从前日进驻这片密林起,牛良就再也没有见到刘邦。不仅如此,而且樊哙临行时反复叮嘱,在他和沛公没有回来之前,任何人不得走出密林。眼看着从芒砀山带来的干粮即将吃完,两位头领依旧没有出现,牛良也不免有些着急。

“为何一回到沛县,就把我等扔在城外不管了。”牛良坐在一棵大树下,无聊地揪起树周围的青草揉碎,不一会儿,手指都染绿了。看见李甲从对面走过来,牛良坐直身子问道,“你为随从,为何没有跟着沛公入城?”

李甲眨了眨眼睛道:“这你就不懂了。沛公以亭长身份去见县令,身边带个随从,岂不惹人生疑?”

“只是我们总待在林中也不是办法。”牛良觉得有理,毕竟一切尚在筹划。

“兄长急什么?这不才过去三天么?”

“话虽如此,可眼看着干粮要吃完,他要再不回来,兄弟们恐怕就要散了。”

“大哥休得胡言。
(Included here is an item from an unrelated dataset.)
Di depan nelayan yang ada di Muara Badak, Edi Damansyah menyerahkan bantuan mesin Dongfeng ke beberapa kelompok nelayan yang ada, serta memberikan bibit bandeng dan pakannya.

”李甲出言制止,“如果没有意外,沛公和樊大哥该回来了。”

话音刚落,就听见林子边有人喊道:“沛公回来了。”

牛良心中暗惊,疾步来到刘邦面前,施了礼道:“沛公回来了。”

自从芒砀山深处那个斩蛇的夜晚之后,牛良对自己的行为有了明显的约束,倒是刘邦对他忽然变得小心翼翼有些不习惯,不唯少了过去兄弟之间的随和,也少了那种自由纯真。不过刘邦还是接受了这种礼遇,很大度地挥手道:“嗯,回来了。”

牛良手扶刀鞘道:“沛公,不知我们何时能够攻打县城?”

刘邦笑道:“快了!一俟萧、曹两位大人归来,即行举事。”

李甲有些不解地问:“卑职听闻县令亦欲起事,可属实否?”

刘邦哼了一声,夹带着对王县令的轻蔑:“燕雀安能与鸿鹄同翔?彼等朝廷走狗,非诛之而不能平民愤,何谈举事?”
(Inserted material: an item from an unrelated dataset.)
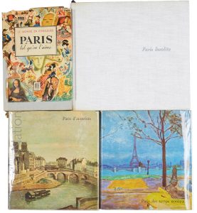 insolite, photographies par Patrice Molinard, édition Hors commerce n°3789, un des 5500 réservés aux abonnés du Club du Meilleur Livre. - Amour de Paris, Texte de Francis JOURDAIN et lithographie de Mireille MIAILHE, Paris, édition du Club du Livre du mois, 1955. Sous emboitage. - HILLAIRET Jacques, Dictionnaire historique des rues de Paris, Les Editions de Minuit, 196. Deux volumes. - HILLAIRET Jacques, Connaissance du Vieux Paris, Editions "Le club du Livre", 1956 - Paris d'autrefois, Paris des temps nouveaux, textes de Pierre COURTHION, collection Villes et lieux célèbres vus par les peintres, éditions Skira, 1957. Deux volumes. - OGRIZEK Doré, Paris tel qu'on l'aime, préface de Jean Cocteau, Paris, éditions Odé, 1949. - LAFONT Robert (direction générale), Histoire de Paris et des Parisiens, Collection Panoramas d'Histoire, Editions du Pont royal Laffont-Del Duca, 1957. - BIDERMANAS Iris, Paris des rêves, et textes autographes, Editions Clairefontaine, Lausanne, 1950. - L'opinion Economique et financière, Les Pays de l'Oise, revue brochée, n°19 décembre 1954 - BROSSOLETTE L., La France Pittoresque, Paris, Editions Librairie Delagrave, 1938. On y joint : - 8 numéros spéciaux de la revue "Crapouillot" n°48,49 et 57 d'avril et juillet 1960 et juillet 1962 sur Paris pittoresque, n°45 de juillet 1959 sur Montmartre, et V tomes sur l'Histoire de la guerre 1939-1945. - une pochette de documentation comprenant 3 numéros de la revue Liaisons (n°202, 210, 259), 13 numéros de la revue Villages de Paris, 2 numéros de la revue Paris aux cent visages, un numéro de la revue mensuelle Paris Ile de France. - un ensemble de revues d'histoire de l'art comprenant les numéros 1 à 36 et 40,41, 43, 44, 45 des "Chefs-d'œuvre secrets des grandes collections privées, supplément Art du "Figaro-Magazine". - un classeur de documentation sur Charles de Gaulle, un classeur de documentation sur la France et les merveilles du monde - un classeur de documentation sur les grands musées du monde et les grands peintres racontes la vie des Français (numéros divers de suppléments Art du Figaro magazine Télé7 jours.

李甲自知失言,双手打拱不语,刘邦又问道:“依你之见,王县令会否反秦?”

李甲先没有回答,猜不透他为何忽然问起这话。跟随刘邦的时间长了,他对自己也有了许多约束,在从刘邦的眸子里读出真诚后他才稍稍放下了心,斟酌了一番道:“依卑职看,王县令有可能举事,但未必真反秦。”

“说说看!”刘邦没有阻止的意思。

“卑职笨拙,言难及意。然卑职在故乡时,以打鱼为业,每逢大雨水涨,总会泥沙俱下。眼下时世正如骤雨狂潮,顺之则存,逆之则亡。县令欲求自保,打起举事旗号未必不可。”

刘邦的眼睛霎时生了光泽,觉得李甲没有白跟随自己,见识确要比其他人要深些。仅是对王县令的看法,就与自己有许多相合之处,说不定要紧关头还真能派上用场。他亲切地拍了拍李甲的肩膀,鼓励的话语就滚到了嘴边:“你之所言甚明,来日方长,有何见解,多与我述说。”接着话锋一转又问道,“如果给你百人,可能带得?”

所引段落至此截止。